(Data supplied):
Content starts

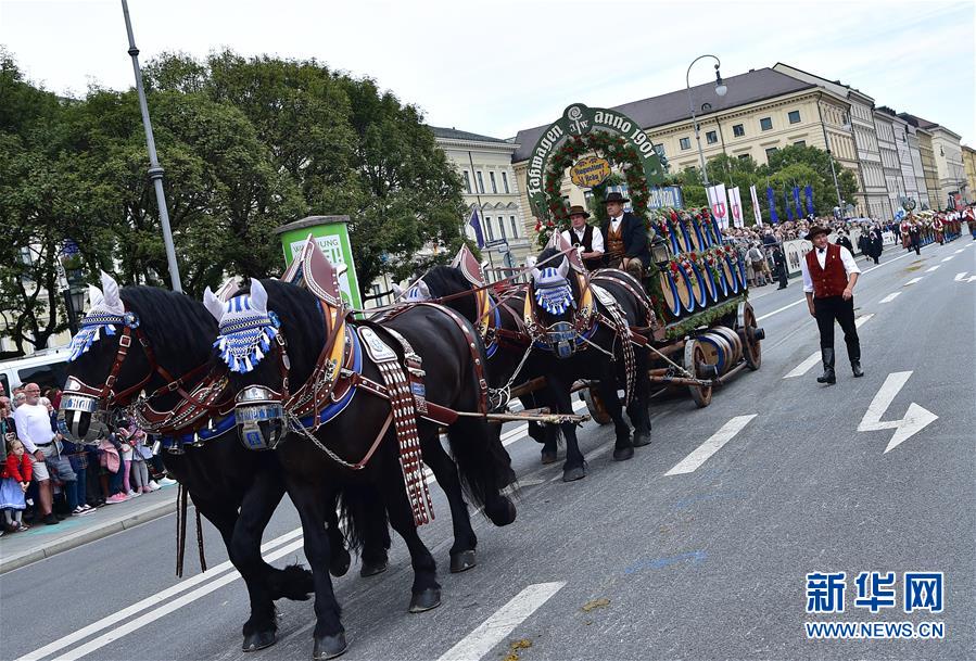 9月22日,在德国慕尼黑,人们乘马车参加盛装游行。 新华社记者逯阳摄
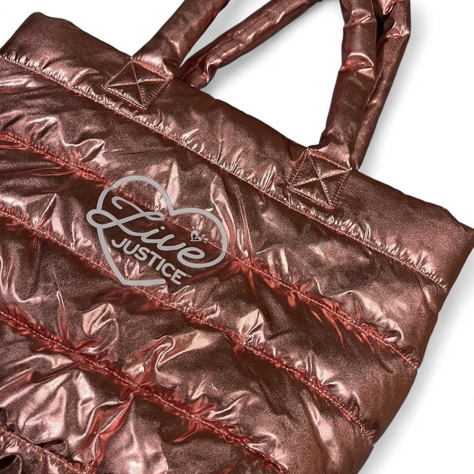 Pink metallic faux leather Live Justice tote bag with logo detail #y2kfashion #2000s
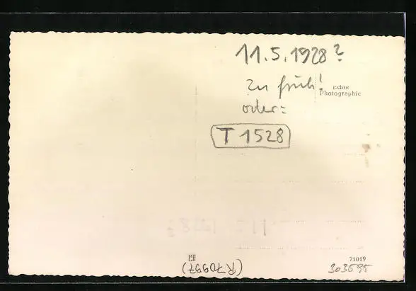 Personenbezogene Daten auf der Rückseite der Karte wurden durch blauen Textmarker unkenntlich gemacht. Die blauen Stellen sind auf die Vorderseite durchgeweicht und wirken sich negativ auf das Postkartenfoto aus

Content ends
Content starts

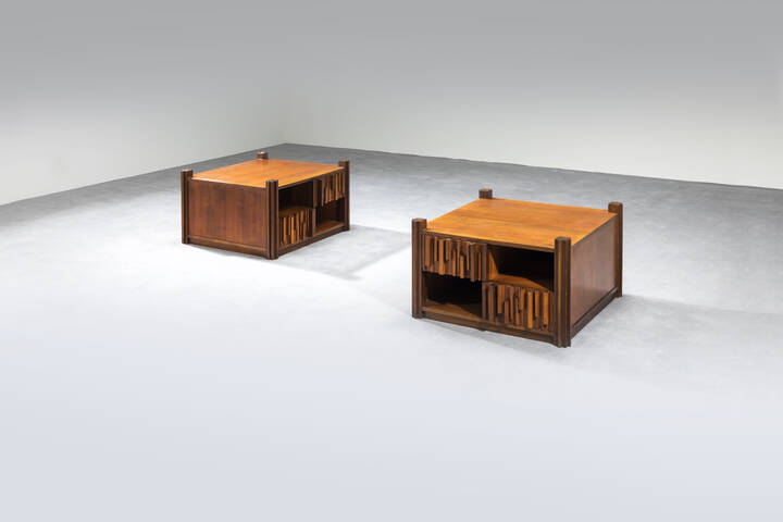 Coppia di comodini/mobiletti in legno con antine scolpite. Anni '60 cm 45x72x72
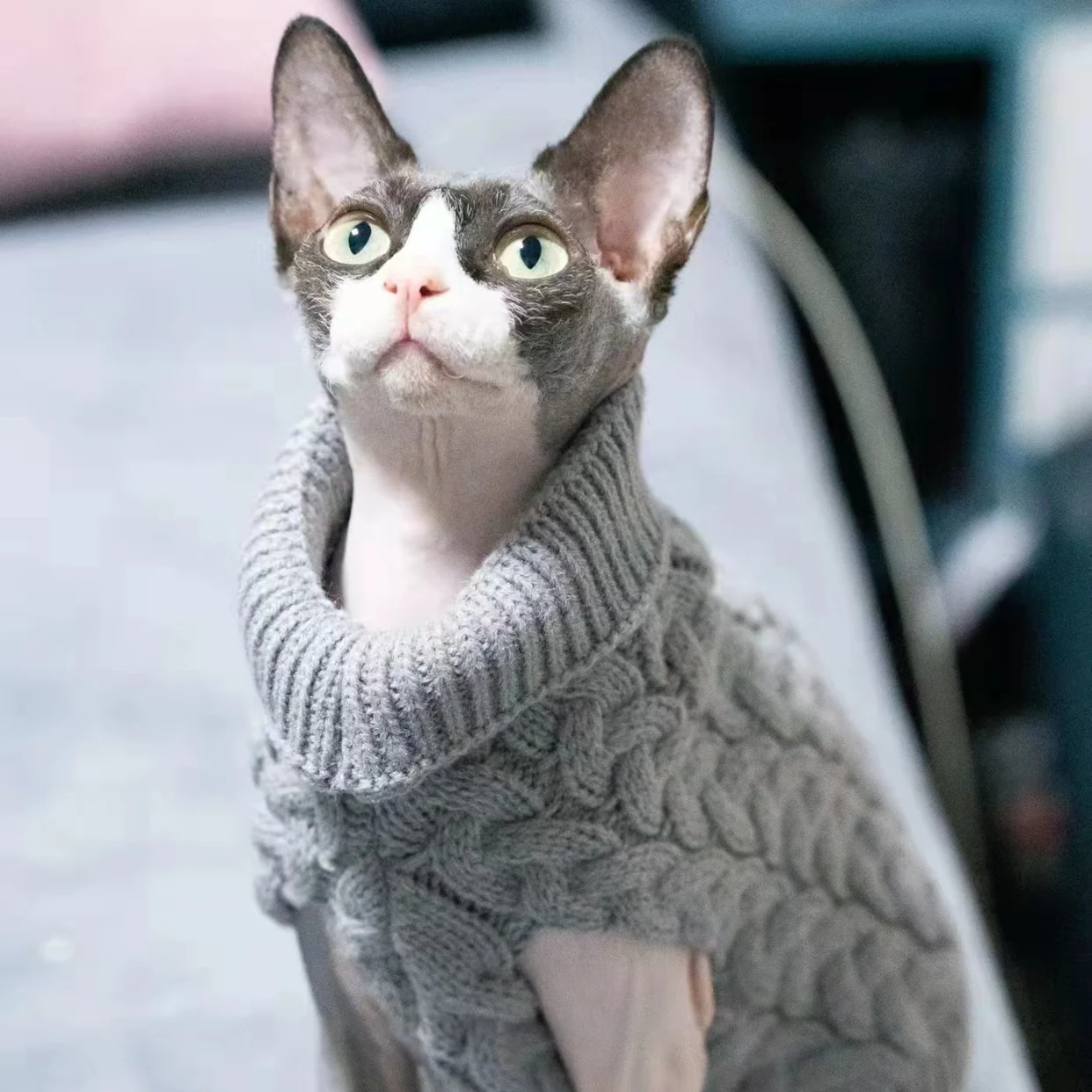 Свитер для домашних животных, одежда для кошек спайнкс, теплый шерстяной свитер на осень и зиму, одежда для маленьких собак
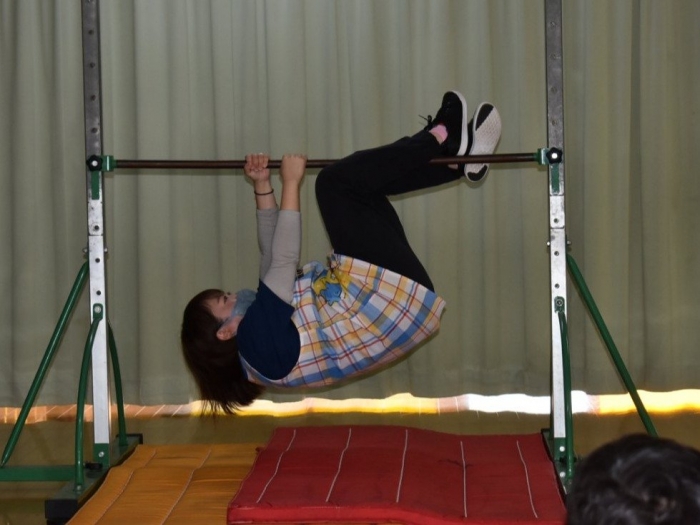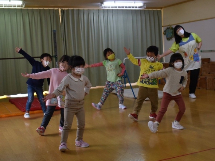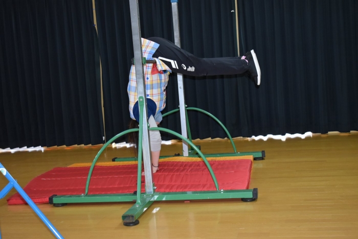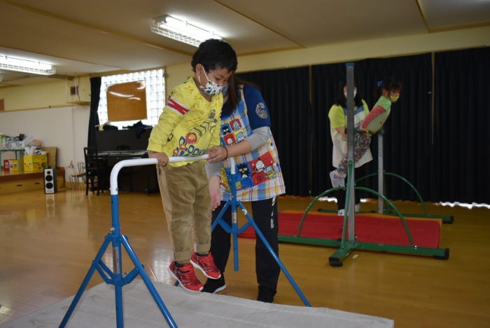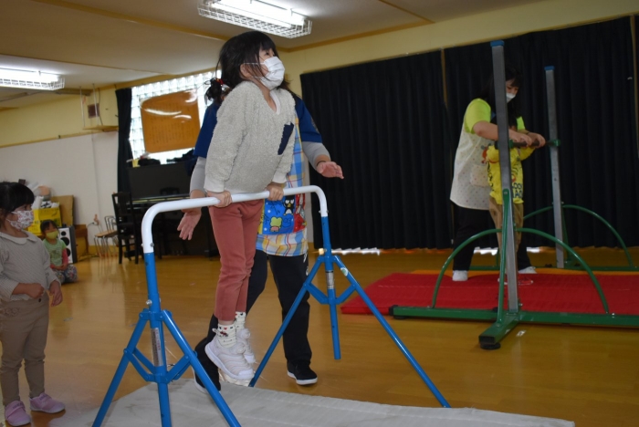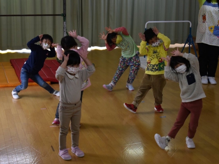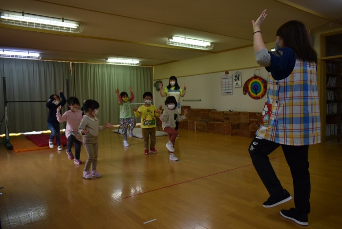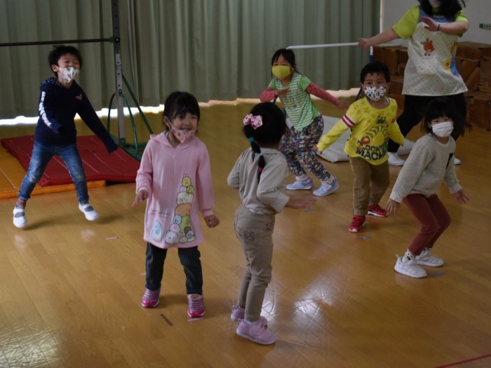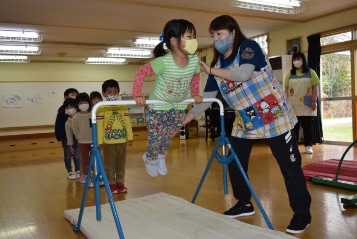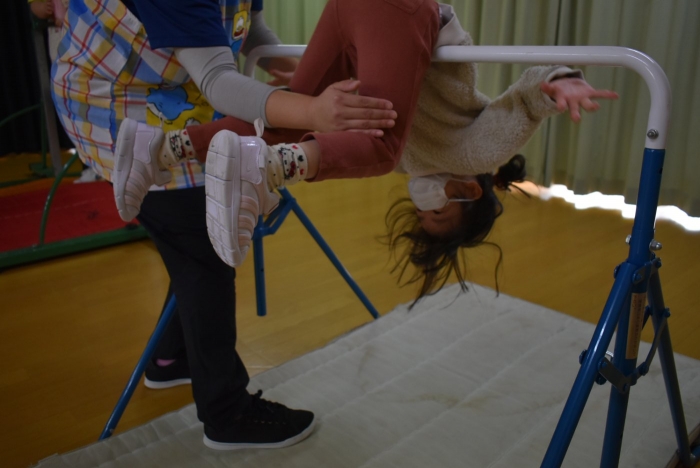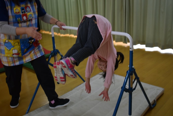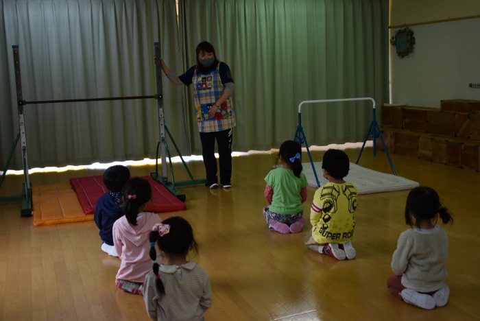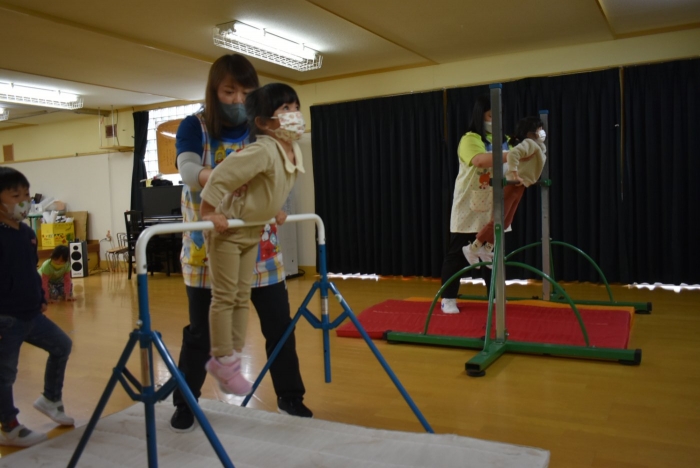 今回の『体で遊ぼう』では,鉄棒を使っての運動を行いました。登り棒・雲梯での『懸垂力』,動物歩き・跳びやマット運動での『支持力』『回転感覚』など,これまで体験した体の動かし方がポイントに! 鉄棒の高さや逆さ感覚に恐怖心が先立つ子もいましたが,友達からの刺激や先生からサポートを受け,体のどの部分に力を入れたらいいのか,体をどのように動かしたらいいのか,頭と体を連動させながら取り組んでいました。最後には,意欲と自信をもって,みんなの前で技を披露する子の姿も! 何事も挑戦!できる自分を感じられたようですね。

Content ends

(What is needed):
Return the lines above from the one with "Pink metallic faux" through the one with "Personenbezogene Daten auf", verbatim and nothing else. Omit every picture.

(Final answer):
 Pink metallic faux leather Live Justice tote bag with logo detail #y2kfashion #2000s
 Personenbezogene Daten auf der Rückseite der Karte wurden durch blauen Textmarker unkenntlich gemacht. Die blauen Stellen sind auf die Vorderseite durchgeweicht und wirken sich negativ auf das Postkartenfoto aus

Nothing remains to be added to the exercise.